── SOURCE DATA
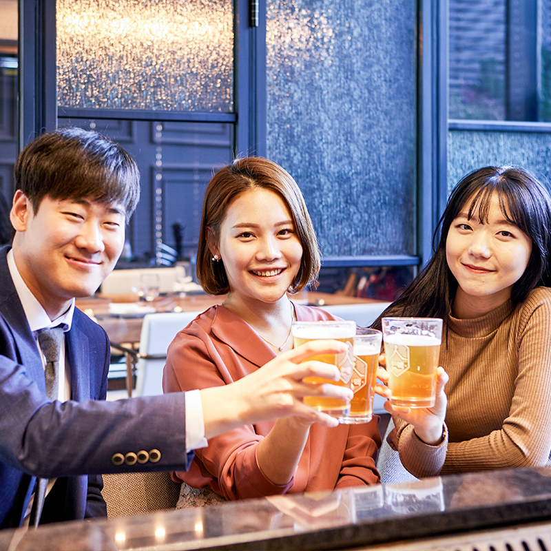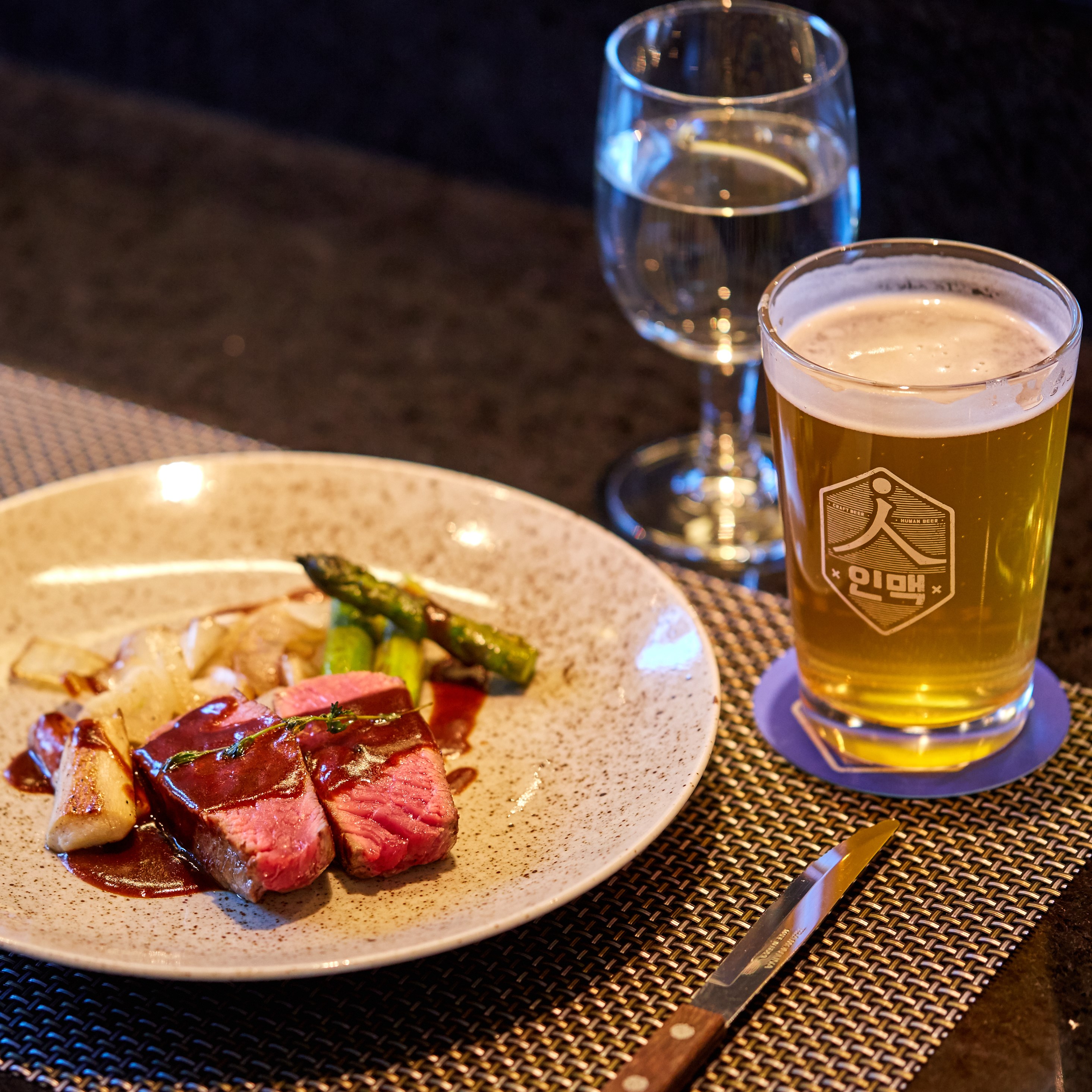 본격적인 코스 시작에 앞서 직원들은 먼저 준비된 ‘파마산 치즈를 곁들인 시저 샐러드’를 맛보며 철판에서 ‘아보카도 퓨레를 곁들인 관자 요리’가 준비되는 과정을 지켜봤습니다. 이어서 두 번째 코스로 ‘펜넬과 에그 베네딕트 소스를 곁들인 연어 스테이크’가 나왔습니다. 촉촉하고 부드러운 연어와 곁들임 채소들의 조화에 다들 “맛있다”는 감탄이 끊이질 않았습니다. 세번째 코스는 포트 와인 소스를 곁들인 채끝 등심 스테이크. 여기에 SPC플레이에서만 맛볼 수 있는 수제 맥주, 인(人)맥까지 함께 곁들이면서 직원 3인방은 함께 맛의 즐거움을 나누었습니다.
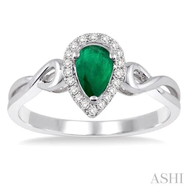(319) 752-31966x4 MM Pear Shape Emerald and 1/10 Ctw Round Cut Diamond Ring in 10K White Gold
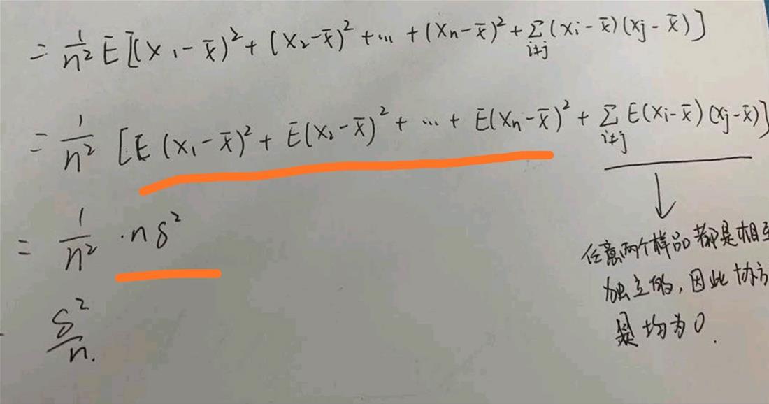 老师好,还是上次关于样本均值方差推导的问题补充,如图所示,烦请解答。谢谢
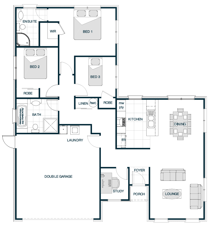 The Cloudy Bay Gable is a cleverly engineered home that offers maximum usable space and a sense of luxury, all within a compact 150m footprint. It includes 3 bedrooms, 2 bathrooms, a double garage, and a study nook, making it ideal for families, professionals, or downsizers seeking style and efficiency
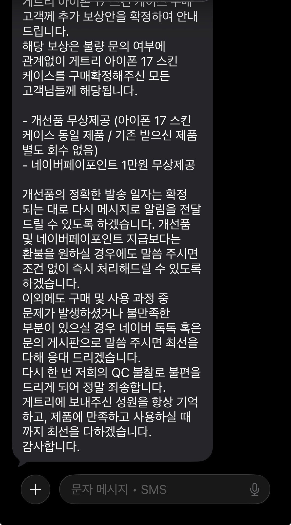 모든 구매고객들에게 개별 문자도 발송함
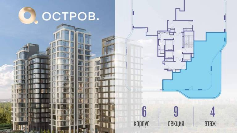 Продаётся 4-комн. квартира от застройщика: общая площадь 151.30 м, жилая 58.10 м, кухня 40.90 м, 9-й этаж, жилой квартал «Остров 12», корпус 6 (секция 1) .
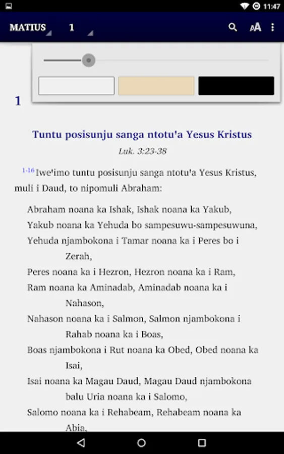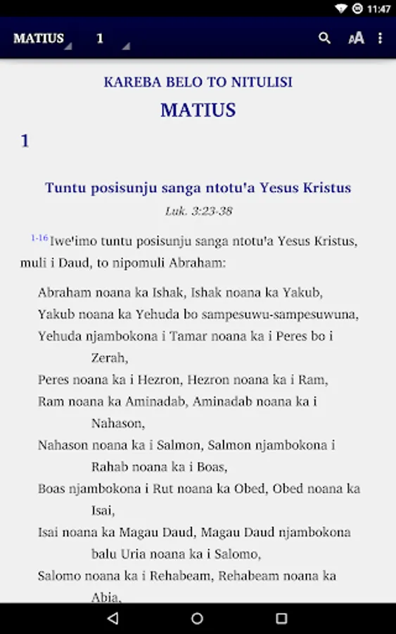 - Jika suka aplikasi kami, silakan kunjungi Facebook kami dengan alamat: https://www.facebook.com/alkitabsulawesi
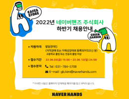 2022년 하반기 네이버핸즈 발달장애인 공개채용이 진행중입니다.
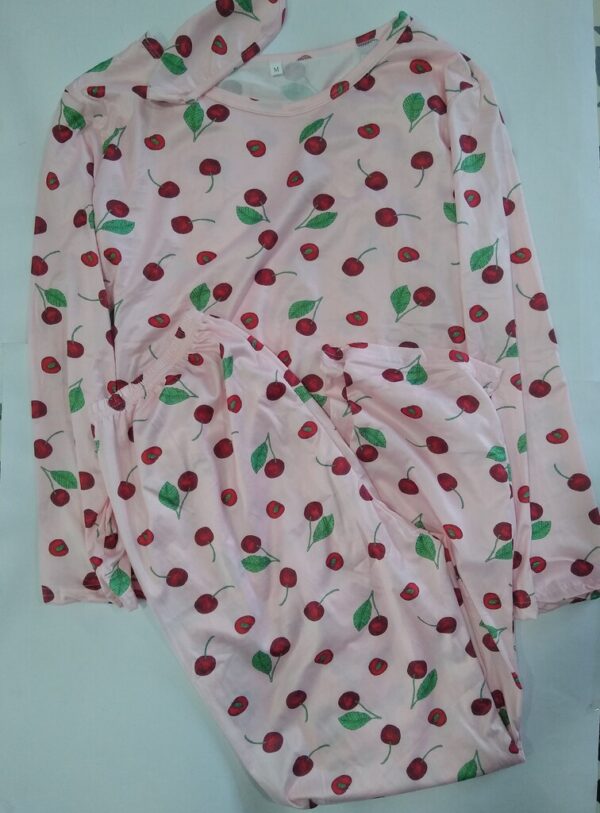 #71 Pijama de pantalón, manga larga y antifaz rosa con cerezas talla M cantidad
────
- _PROBLEM DETAILS_
Take the line containing "(319) 752-31966x4 MM" and every line after it through the end of the data, and write them out exactly, with no pictures.

- _ANSWER BOX_
(319) 752-31966x4 MM Pear Shape Emerald and 1/10 Ctw Round Cut Diamond Ring in 10K White Gold
 老师好,还是上次关于样本均值方差推导的问题补充,如图所示,烦请解答。谢谢
 The Cloudy Bay Gable is a cleverly engineered home that offers maximum usable space and a sense of luxury, all within a compact 150m footprint. It includes 3 bedrooms, 2 bathrooms, a double garage, and a study nook, making it ideal for families, professionals, or downsizers seeking style and efficiency
 모든 구매고객들에게 개별 문자도 발송함
 Продаётся 4-комн. квартира от застройщика: общая площадь 151.30 м, жилая 58.10 м, кухня 40.90 м, 9-й этаж, жилой квартал «Остров 12», корпус 6 (секция 1) .
 - Jika suka aplikasi kami, silakan kunjungi Facebook kami dengan alamat: https://www.facebook.com/alkitabsulawesi
 2022년 하반기 네이버핸즈 발달장애인 공개채용이 진행중입니다.
 #71 Pijama de pantalón, manga larga y antifaz rosa con cerezas talla M cantidad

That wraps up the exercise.